Planning puzzle
Planning infrastructure behind development can have costly consequences.
Carpenters have an old saying: Measure twice cut once. It’s a way to avoid wasting a lot of building material.
The city’s version of that slogan might be: Plan twice build once. As illustrated by the current situation with George Williams Way, it might have saved both taxpayers and developers a lot of money.
It’s hard to tell, though, whether the need to tear up the almost-new intersection of Sixth Street and George Williams Way to add up to five north-south traffic lanes was a product of not enough planning by the city or too much.
Less that two years after the intersection was expanded, a proposed development at Sixth Street and George Williams Way stands poised to make it obsolete. George Williams Way is a two-lane street with a center turn lane both north and south of Sixth Street, but the traffic load expected for new developments on the northwest and southwest corners of the intersection will require up to seven lanes to handle straight and turning traffic.
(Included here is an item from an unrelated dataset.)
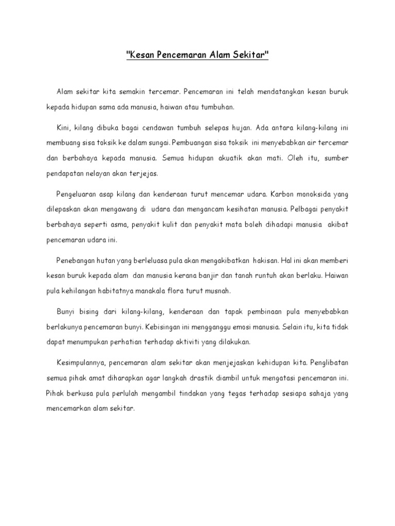 Kesan Pencemaran Alam Sekitar
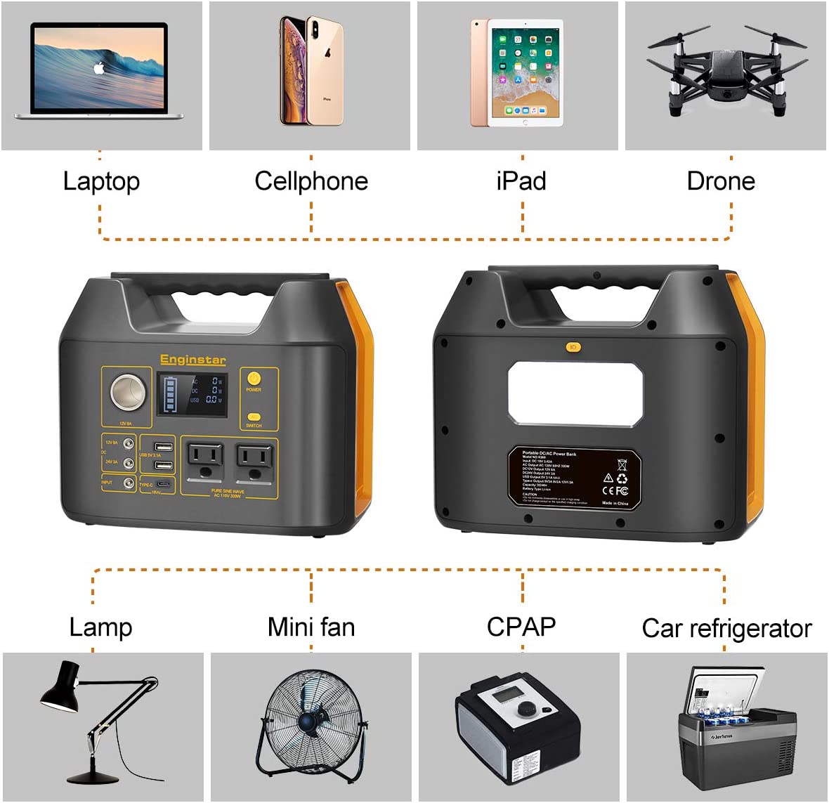 P.when("ReplacementPartsBulletLoader").execute(function(module){ module.initializeDPX(); }) PORTABLE BUT POWERFUL: With ETL Certification- With the portable size of 9 x 5.5 x 7.5 inches, weights only 6.5 pounds, but armed with 296wh capacity and 300W output, EnginStar portable power station can provide enough juice to charge your phones, laptop, camera, cpap, drone, etc. Designed with 8 output ports can charge several devices at the same time, which make it a perfect emergency power bank, outdoor and camping backup battery.

City Manager David Corliss is recommending that the city pay $200,000 of the cost of expanding the intersection and developers pay the rest. Brian Kubota who has plans to develop the southwest corner of the intersection said he already had paid $1 million to extend George Williams Way to the south and now expects to pay $1.2 million to expand it. He estimates he could have saved about $350,000 if a larger street had been built in the first place.
The problem, Corliss said, resulted from the city’s policy of building streets only to the size needed when they are opened. “It is important that we get infrastructure in ahead of development,” he said.
That seems like a reasonable idea but it only works if the city can provide a predictable development picture through its planning process. Otherwise, infrastructure may be expanded to areas that never develop.
The northwest corner of George Williams Way and Sixth Street is a great example of the unpredictability of the city’s planning. The Horizon 2020 plan produced in the mid-1990s barely looked at that plot but saw its future as a low-density residential area. The Northwest Area Plan adopted in 1997 and the Transportation 2025 plan adopted in September 2002 showed the area as commercial, but the K-10 Nodal Plan, approved in November 2003 designated it for office use, with commercial uses farther west.
With that kind of planning, it’s a little hard to tell how large an intersection is needed, that is, until a developer comes along and forces the city to commit to a plan. Unfortunately, by then it may be too late.
Local developers long have sought more predictability in the city’s planning process. The George Williams Way fiasco offers a window on why that predictability is important to local taxpayers as well.